00:15:27.830 Overall, as a general guideline, maintaining about 25% of your theoretical process capacity tends to yield the best results, and determining exact needs through Little's Law calculations provides concrete metrics.

00:15:56.960 Incorporating factors like core availability can further optimize setups. For instance, ideally, we want two processes per available core on a server to better handle situations where requests come in faster than they can be processed.

00:16:39.800 This discussion leads us to thread-related considerations. Ruby's limitations with threading can create unpredictability in environments utilizing it. Threads in JRuby however, operate under true parallelism, increasing overall throughput.

00:17:03.550 As we look towards the future of Ruby and its evolutions, guilds and autoscaling initiatives may offer even more streamlined provisioning options without increasing complexity in management.

00:17:47.960 To wrap it up, Little's Law ties together arrival rates and response times to provide a basis for determining processing needs, allowing practical insights into reducing costs while maintaining efficient service across applications.

00:18:29.390 Thank you very much for attending this discussion. More information is available in my book, and I’d love to answer any questions you have in the last few minutes.

00:19:12.000 Audience member: How does Little's Law compare against other more telephony-oriented formulas such as Erlang?

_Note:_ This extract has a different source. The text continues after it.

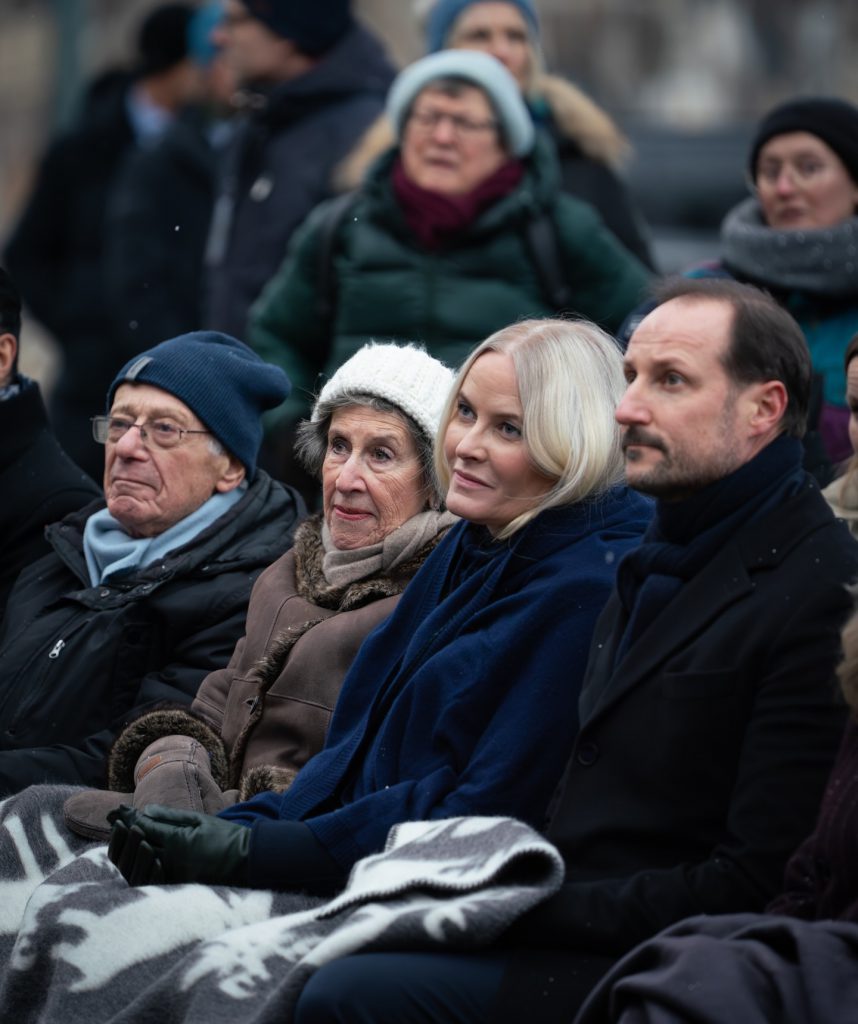 Le prince héritier Haakon et la princesse héritière Mette Marit de Norvège ont assisté à la Journée internationale de l’Holocauste à Akershuskaia. 773 Juifs furent déportés, seuls 35 ont survécu.

00:19:56.200 Nate: I'm not familiar with those formulas, so I can't provide a direct comparison.

00:20:43.570 Audience member: How do you account for the availability trade-off when scaling?

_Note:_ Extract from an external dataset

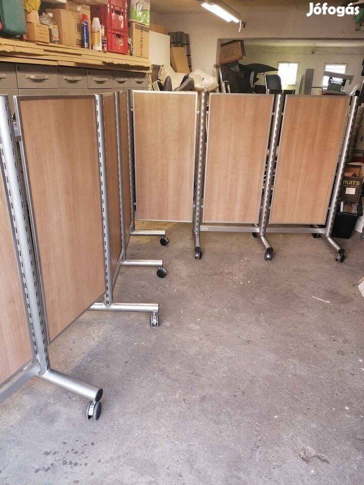 Komoly gyári alumínium szerkezet, bútorlap betétekkel. Könnyen szétszedhető és összerakható. Ívben, vagy derékszögben is szerelhető. 7 db dupla elem van. Egy elem 3 függőleges oszlopból áll alul összekötve. Minden oszlop 2db fixálható keréken áll. Egy dupla elem mérete: hosszúság 128cm, magasság 135cm. Az elemeket az oszlopok között 55 centis bútorlap betétek kötik össze. A hét dupla elem az összekötőkkel összesen 12.2 méter hosszra állítható össze. A kerekek fékezhetőek. Tárolása helytakarékos, szorosan egymás mellé tolhatóak így kb 2mx1,5 méter alapterületen elfér. (képek között látható) A kiírt ár egyben az összes elemre vonatkozik. Szállításban tudok segíteni.

00:21:36.170 Nate: The availability factor shows up in many real-world scenarios—often clients hesitate to scale down to one server due to fears of downtime. My experience shows that as long as the architecture is sound, these concerns can usually be alleviated through adjusting resources and measuring their impact.

00:22:39.920 Audience member: So would you suggest maintaining that 75% process availability?

00:23:16.400 Nate: Yes, that's a good approach but always adjust it based on your actual measurements in production.

00:23:52.780 Audience member: Could you elaborate on the statistical foundations behind your factors?

00:24:28.440 Nate: The rough factor of four is based on empirical results, where I've seen clients operating around that range without impacting response times in a negative way. It's always good practice to monitor and adjust accordingly.

00:25:12.350 Nate: Thank you everyone! Now we can conclude, and if you'd like, we can head into a break.